# WHAT YOU SHOULD DO:
Filter the listing and keep only the lines with the word "pockets".
··· DATASET RECORDS ···
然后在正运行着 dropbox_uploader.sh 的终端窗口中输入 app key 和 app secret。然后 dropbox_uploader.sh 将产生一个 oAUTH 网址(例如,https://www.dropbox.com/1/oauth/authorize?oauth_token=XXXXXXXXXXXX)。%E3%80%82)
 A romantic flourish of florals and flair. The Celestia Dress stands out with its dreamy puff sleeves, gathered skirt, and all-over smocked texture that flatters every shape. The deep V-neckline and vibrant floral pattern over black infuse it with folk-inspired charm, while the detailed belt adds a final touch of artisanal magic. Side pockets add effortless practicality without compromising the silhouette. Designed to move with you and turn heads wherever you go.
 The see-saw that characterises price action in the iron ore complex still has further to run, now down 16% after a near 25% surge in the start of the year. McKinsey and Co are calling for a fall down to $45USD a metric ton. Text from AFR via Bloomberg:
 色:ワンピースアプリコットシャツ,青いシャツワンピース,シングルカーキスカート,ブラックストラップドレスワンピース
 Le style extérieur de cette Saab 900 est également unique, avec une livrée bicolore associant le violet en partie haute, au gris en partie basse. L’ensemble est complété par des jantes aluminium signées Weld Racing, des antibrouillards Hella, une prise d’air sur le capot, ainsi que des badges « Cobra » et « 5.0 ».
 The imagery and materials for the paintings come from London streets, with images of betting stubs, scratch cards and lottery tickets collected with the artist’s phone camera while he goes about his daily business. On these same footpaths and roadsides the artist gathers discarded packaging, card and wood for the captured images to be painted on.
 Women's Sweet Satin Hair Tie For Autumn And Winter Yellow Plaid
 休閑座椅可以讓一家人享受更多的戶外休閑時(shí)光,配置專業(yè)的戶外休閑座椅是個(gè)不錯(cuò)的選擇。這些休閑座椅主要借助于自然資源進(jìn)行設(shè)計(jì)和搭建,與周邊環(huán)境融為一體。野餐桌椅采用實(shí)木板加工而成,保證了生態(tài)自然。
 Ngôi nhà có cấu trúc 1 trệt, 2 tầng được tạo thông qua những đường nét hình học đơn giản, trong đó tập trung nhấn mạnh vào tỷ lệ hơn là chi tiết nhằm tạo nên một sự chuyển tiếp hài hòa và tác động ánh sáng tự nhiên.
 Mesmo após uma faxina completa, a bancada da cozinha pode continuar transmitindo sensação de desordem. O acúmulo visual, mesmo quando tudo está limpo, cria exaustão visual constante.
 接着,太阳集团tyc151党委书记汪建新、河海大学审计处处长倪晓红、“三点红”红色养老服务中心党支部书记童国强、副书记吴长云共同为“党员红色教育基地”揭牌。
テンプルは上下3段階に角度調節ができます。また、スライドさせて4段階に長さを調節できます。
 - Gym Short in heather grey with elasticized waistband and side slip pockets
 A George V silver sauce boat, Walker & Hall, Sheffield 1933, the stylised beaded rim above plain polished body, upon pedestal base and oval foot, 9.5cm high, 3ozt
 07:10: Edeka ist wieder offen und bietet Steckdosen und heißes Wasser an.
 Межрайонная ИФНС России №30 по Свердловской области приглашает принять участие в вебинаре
···
# RESPONSE TO THE EXERCISE:
 A romantic flourish of florals and flair. The Celestia Dress stands out with its dreamy puff sleeves, gathered skirt, and all-over smocked texture that flatters every shape. The deep V-neckline and vibrant floral pattern over black infuse it with folk-inspired charm, while the detailed belt adds a final touch of artisanal magic. Side pockets add effortless practicality without compromising the silhouette. Designed to move with you and turn heads wherever you go.
 - Gym Short in heather grey with elasticized waistband and side slip pockets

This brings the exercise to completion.